A few days back I answered a question on SO regarding reading a tar file in parallel.

这是问题的要点:

import bz2
import tarfile
from multiprocessing import Pool

tr = tarfile.open('data.tar')

def clean_file(tar_file_entry):
    if '.bz2' not in str(tar_file_entry):
        return
    with tr.extractfile(tar_file_entry) as bz2_file:
        with bz2.open(bz2_file, "rt") as bzinput:
            # Reading bz2 file
            ....
            .... 


def process_serial():
    members = tr.getmembers()
    processed_files = []
    for i, member in enumerate(members):
        processed_files.append(clean_file(member))
        print(f'done {i}/{len(members)}')


def process_parallel():
    members = tr.getmembers()
    with Pool() as pool:
        processed_files = pool.map(clean_file, members)
        print(processed_files)


def main():
    process_serial() # No error
    process_parallel() # Error


if __name__ == '__main__':
    main()

中所述,我们只需在子进程中而不是在父进程中打开 tar 文件即可消除错误答案.

我不明白为什么这样做.

I am not able to understand why did this work.

即使我们在父进程中打开tarfile,子进程也会得到一个新的副本.那么为什么在子进程中打开 tarfile 会显式地产生任何区别?

Even if we open the tarfile in the parent process, the child process will get a new copy. So why does opening the tarfile in the child process explicitly make any difference?

这是否意味着在第一种情况下,子进程以某种方式改变了公共 tarfile 对象并由于并发写入而导致内存损坏?

Does this mean that in the first case, the child processes were somehow mutating the common tarfile object and causing memory corruption due to concurrent writes?

推荐答案

FWIW,评论中的答案 wrt open 实际上在类 UNIX 系统上关于文件句柄编号是不正确的.

FWIW, the answer in the comments wrt open is actually incorrect on UNIX-like systems regarding file handle numbers.

如果 multiprocessing 使用 fork()(它在 Linux 和类似的情况下使用,尽管我读到在 macOS 上存在分叉问题),文件句柄和所有内容else 被愉快地复制到子进程(愉快地"我的意思是它在许多边缘情况下很复杂,例如分叉线程,但它仍然适用于文件句柄).
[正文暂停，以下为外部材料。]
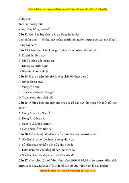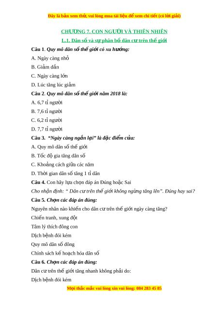Đây là bản xem th , vu ử i lòng mua tài li u ệ đ xe ể m chi ti t ế (có l i ờ gi i ả ) CHƯ N Ơ G 7. CON NGƯ I Ờ VÀ THIÊN NHIÊN L .1. D ân s và s ố phân b ự dân c ố t ư rên th gi ế i ớ
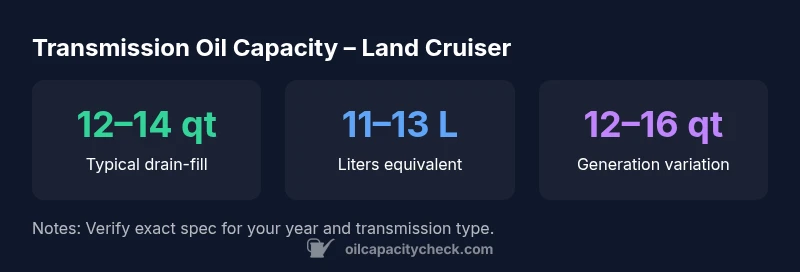 The transmission oil capacity, commonly referred to as ATF capacity, is the total amount of fluid required to fill the transmission after a complete drain and fill. For the Toyota Land Cruiser, capacity depends on generation (J70, J80, J100, J200) and whether you’re dealing with an automatic or manual gearbox. In general, automatic transmissions in Land Cruisers require roughly 12–14 quarts (11–13 liters) to reach the proper fill level, while manuals use fewer quarts. The exact figure is specified in the owner's manual or service bulletin for your exact year. Oil Capacity Check's analysis emphasizes that capacities can vary by year and internal design, so always confirm from the official source for your submodel. When planning a service, gather the right tools: drain pan, ATF that meets Toyota spec, a funnel, and a suitable torque wrench. If you’re unsure of your model year, identify your transmission type and consult the service manual. While some shops perform a complete flush, most DIYers achieve reliable results with a drain-and-fill approach that changes a large fraction of the old fluid while minimizing risk of contaminants entering the cooler circuit.
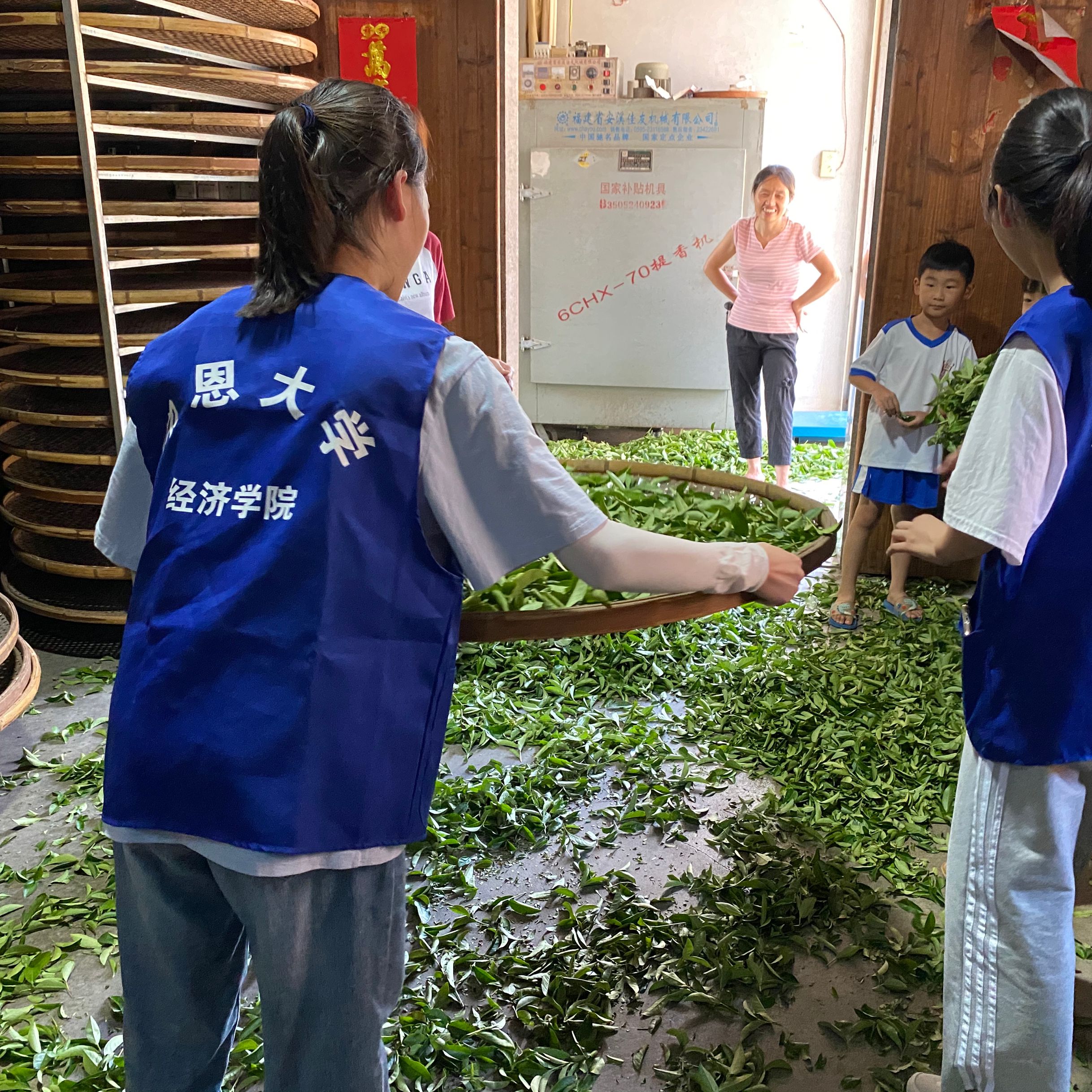 为开拓茶文化见识,传承茶文化,2021年7月29日,yl23455永利集团“勇敢牛牛猛猛冲”实践队前往安溪昌辉有机生态茶场体验制茶过程。

If multiprocessing uses fork() (which it does under Linux and similar, although I read there was an issue with forking on macOS), the file handles and everything else are happily copied to child processes (by "happily" I mean it's complicated in many edge cases such as forking threads, but still it works fine for file handles).

以下对我来说很好用:

import multiprocessing

this = open(__file__, 'r')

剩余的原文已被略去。